Voici les conclusions des experts :

"Après avoir effectué sa délicate manœuvre d’insertion sur la Départementale 612 et après avoir  accéléré jusqu’à 12 km/h, la conductrice de l’autocar […] se rend compte  de la présence d’un obstacle devant son autocar et elle écrase la  pédale de frein. Le seul obstacle pouvant se trouver devant son autocar  dans son couloir de circulation nécessitant d’écraser la pédale de frein  est la présence de la barrière fermée du passage à niveau n°25. Mais  lorsqu’elle décide de freiner, l’autocar […] est déjà trop près de la  barrière fermée et elle ne réussit pas à stopper l’autocar avant  d’atteindre la voie ferrée. Sur sa lancée, bien qu’elle soit en  freinage, elle percute la barrière du passage à niveau qui se plie."

Pas de dysfonctionnement du passage à niveau, mais le doute demeure

L’expertise technique réalisée sur les rames et le passage à niveau exonère la responsabilité de la SNCF . "Nous n’avons pas identifié de cas de dysfonctionnement du passage à niveau qui aurait pu conduire à une non-fermeture de barrière au moment du passage du train", concluent les deux experts.

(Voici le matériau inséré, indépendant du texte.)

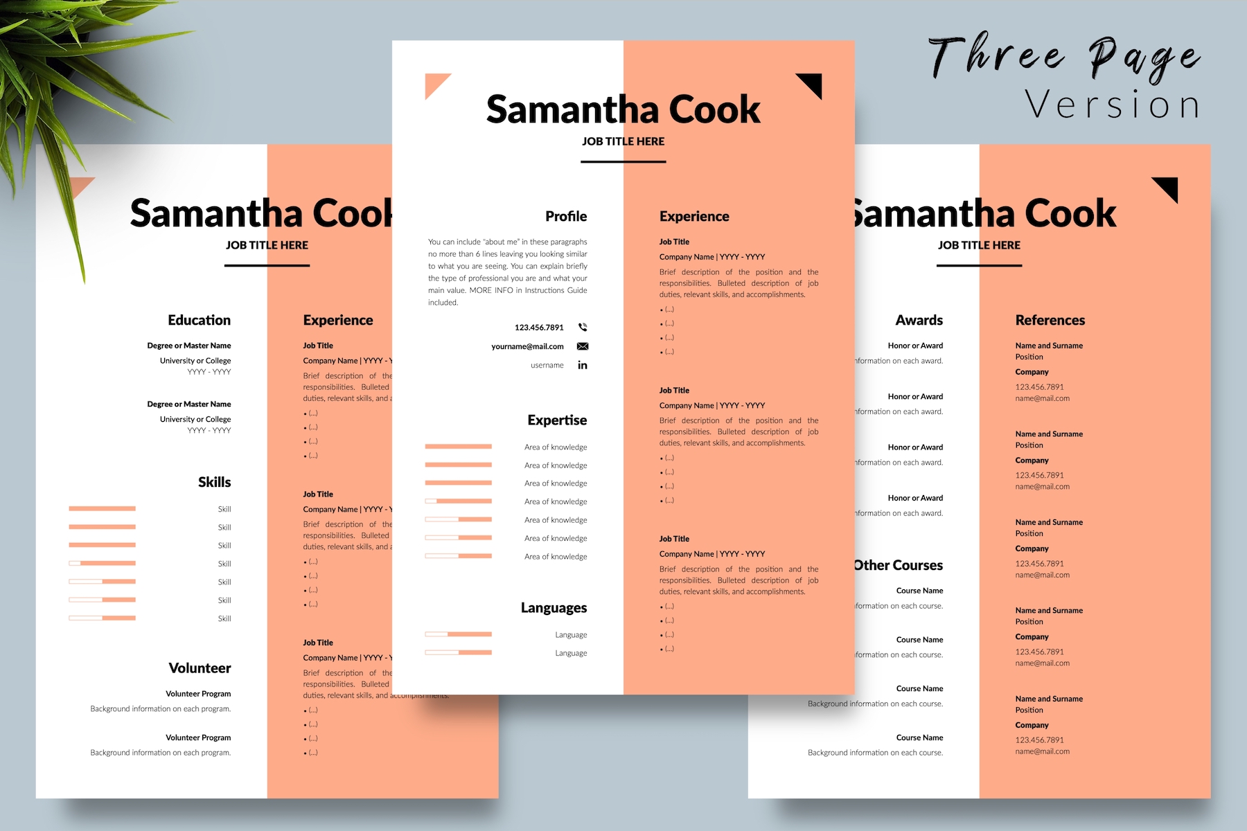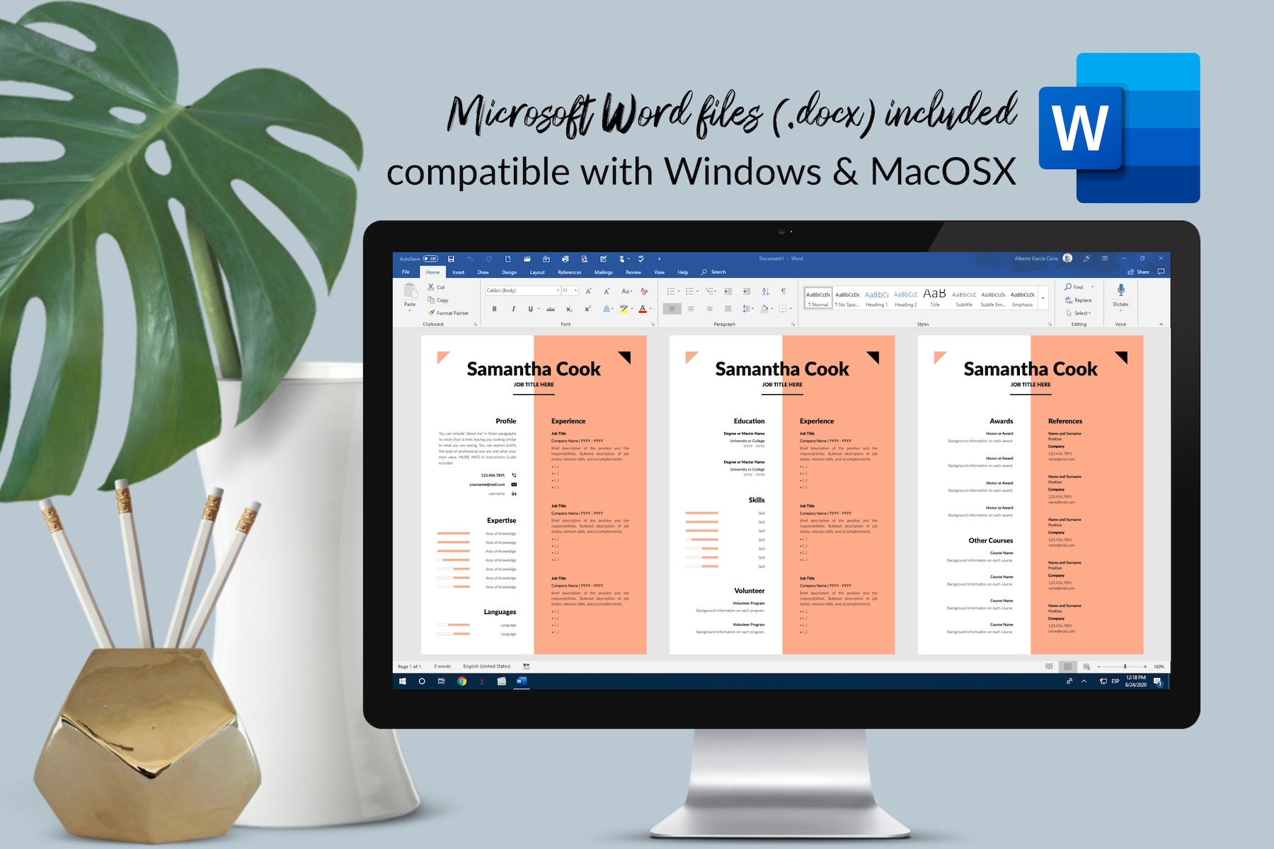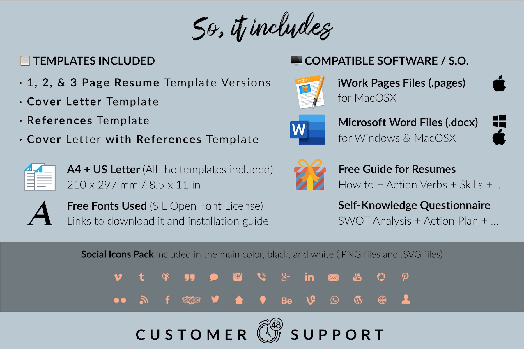 Resume/CV Template for Microsoft Word & iWork Pages that includes US Letter Size Files and A4 Size Files; Microsoft Word Files (.docx) and iWork Pages Files (.pages); 1, 2, and 3 Page Resume Version, Cover Letter Template, References Letter Template, and Cover Letter with References Letter Template. In addition, it includes Free Fonts Used (SIL Open Font), Social Icons Pack, Resume Writing Guide for Resume Building (Free Bonus), and Self-Knowledge and Development Questionnaire (Free Bonus).

En  revanche, les spécialistes qui ont examiné les restes de la barrière  sont prudents. "Plusieurs événements ayant eu lieu et la barrière ayant  plusieurs endommagements, il est difficile de remonter à ce qui a pu se  passer", expliquent-ils.

Les somnifères de la conductrice ont ils joué un rôle ?

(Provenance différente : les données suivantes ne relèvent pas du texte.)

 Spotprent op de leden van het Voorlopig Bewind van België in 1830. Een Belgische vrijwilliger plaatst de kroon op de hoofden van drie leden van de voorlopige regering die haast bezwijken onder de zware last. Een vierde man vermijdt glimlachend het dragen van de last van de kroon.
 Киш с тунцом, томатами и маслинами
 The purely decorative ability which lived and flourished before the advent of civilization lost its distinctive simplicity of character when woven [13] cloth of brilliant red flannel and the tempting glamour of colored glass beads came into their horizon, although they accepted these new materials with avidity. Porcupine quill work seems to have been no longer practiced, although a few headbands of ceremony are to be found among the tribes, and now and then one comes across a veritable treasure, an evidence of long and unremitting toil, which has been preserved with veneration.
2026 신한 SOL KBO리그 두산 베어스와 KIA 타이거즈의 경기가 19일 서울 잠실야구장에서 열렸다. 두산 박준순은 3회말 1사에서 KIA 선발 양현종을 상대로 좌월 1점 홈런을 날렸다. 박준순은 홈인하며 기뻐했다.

La juge d’instruction du pôle accident collectif de Marseille, qui instruit le dossier, vient selon Le Parisien Aujourd'hui en France de désigner deux experts médicaux -une ophtalmologue et  un ORL- pour savoir notamment si les somnifères que prenait la conductrice, depuis sept ans, ont eu une influence sur son acuité visuelle ou  auditive.

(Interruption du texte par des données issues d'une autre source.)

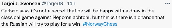 Однодворец: Как-то сомнительно, чтобы Карслен пошел на ухудшение позиции с Карякиным, которому чуть матч не проиграл, а здесь первую партию вообще слил. Вроде он старается всегда просто переиграть. Но это имхо, может старшие мастера поправят.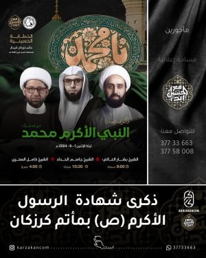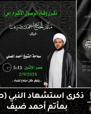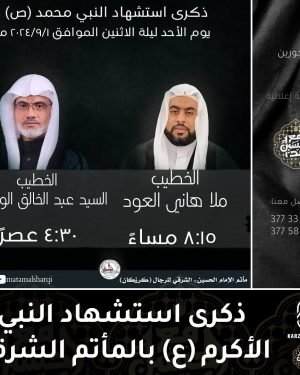 ┈╾۞ *ذكــــرىٰ اســـتشـھـاد* ┈╾۞ *الرسول الأعظم ’ص‘* ⌯ الأحــد 01 – 9 – 2024 م ۞ موكب أبناء الطف (للأشبال) ≣ الرادود علي المحرقي ≣ 08:15 مساءً ۞ الخطابة الحسينية ≣ الشيخ بشار العالي ≣ 09:00 مساءً ۞ الموكب العزائي ≣ الرادود السيّد حسين الموسوي ≣ 10:00 مساءً ┈━ •۞[ …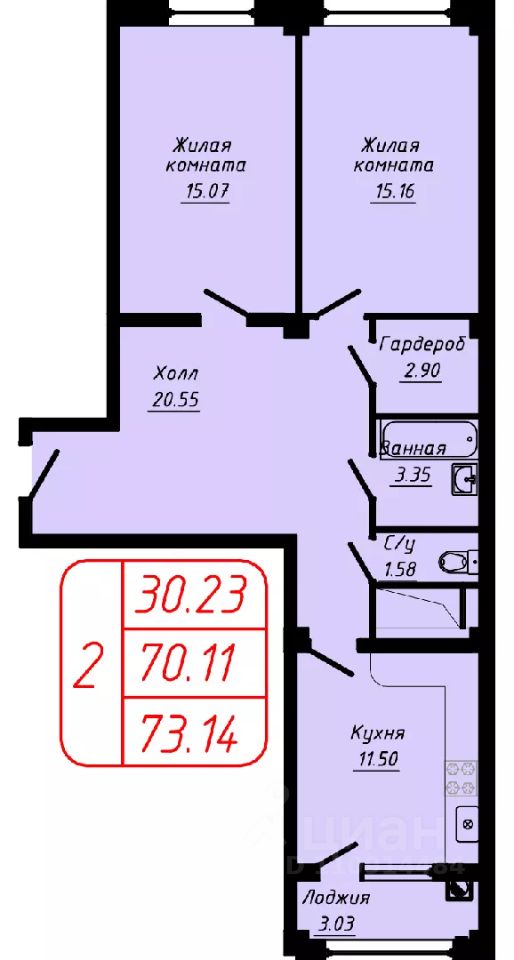 Продаётся 2-комнатная квартира в строящемся доме (Секции 6-10), срок сдачи: II-кв. 2028, общей площадью 73.14 кв.м., на 6 этаже.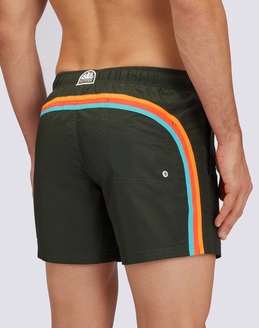 Bañador corto de hombre con cintura elástica, cordón de ajuste y el icónico arco iris de Sundek en la espalda. Este bañador está confeccionado con costura a tres agujas y 100% con nuestro tejido histórico, el nailon-taffeta: suave como la seda, ligero y resistente a todo, se seca rápido para ofrecerte comodidad en todas partes, en las olas y fuera del agua. También incorpora un bolsillo trasero oculto.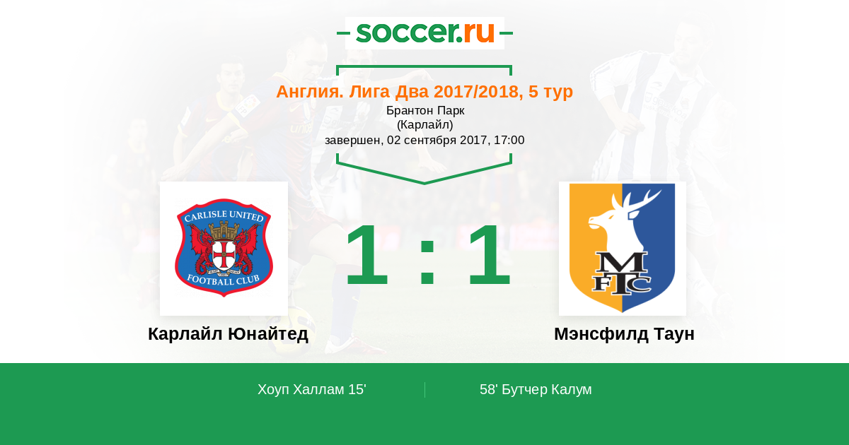 Карлайл Юнайтед - Мэнсфилд Таун: обзор матча 2 сентября 2017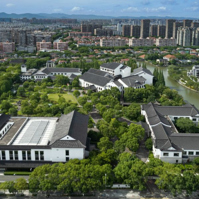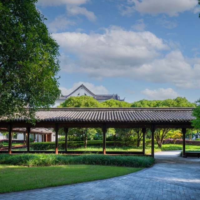 黛瓦白墙、碧水苍翠间,池水映着树木的绿,天空蔚蓝而辽阔,微风吹过,夹带着林间传来的鸟鸣,尽显江南优雅淡然之态。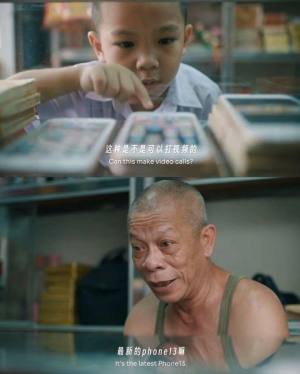 故事不难猜,一个小男孩去纸扎店买纸手机,只为了能联系过世的奶奶。虽然看到开头就已经绷不住了,也能猜中结尾,但它的故事完整动人,且全片毫无AI痕迹,才让它第一个破圈。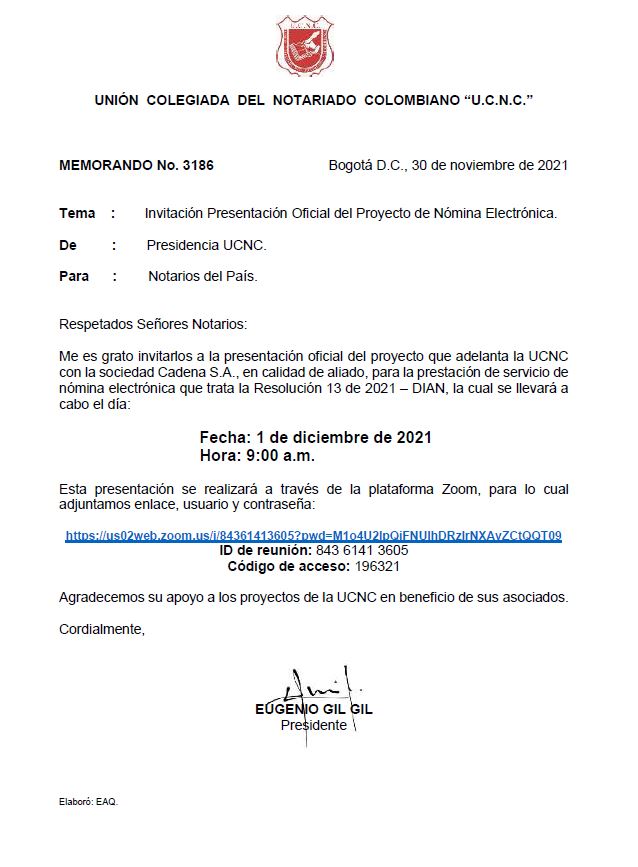 Invitación presentación oficial del Proyecto de Nómina Electrónica.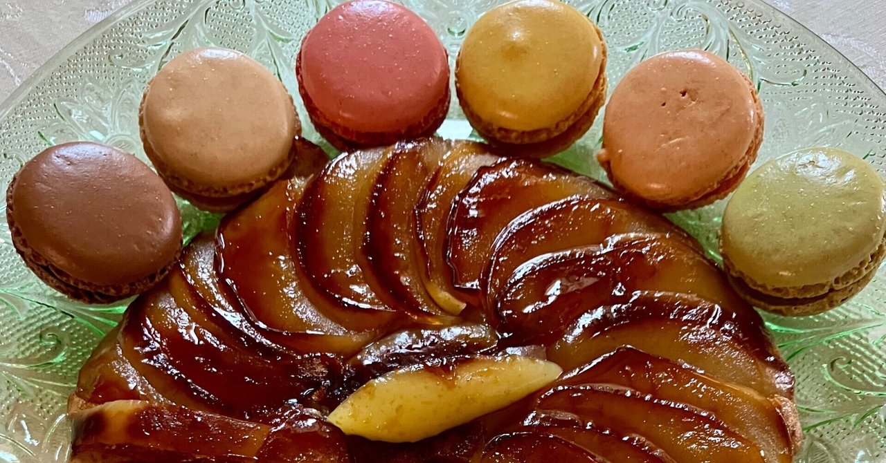 てなところで今日の写真は、リスキチと私がフライパンでつくったリンゴバナナケーキ、マカロン飾り。

Le généraliste et le médecin du travail de la conductrice pointés du doigt

Maître Jehanne Collard, qui défend trois familles parties civiles, s'étonne sur franceinfo qu'un médecin puisse prescrire des somnifères à un conducteur de car scolaire : "Le problème doit se poser du travail des médecins, du généraliste qui lui a prescrit des somnifères dont les effets secondaires sont graves pour les personnes qui conduisent, du médecin du travail qui était informé et qui l'a déclarée apte à la conduite, on peut imaginer et c'est un des effets des médicaments qu'elle prenait, qu'elle a eu un moment d'absence et qu'elle n'a réalisé qu'au dernier moment que les barrières étaient fermées."

Et de conclure : "Ce qui est important pour ce dossier, mais pour tout les enfants de France qui montent dans un car scolaire c'est que des médecins puissent prescrire à quelqu'un qui conduit des enfants, des somnifères dont les effets secondaires sont très lourds".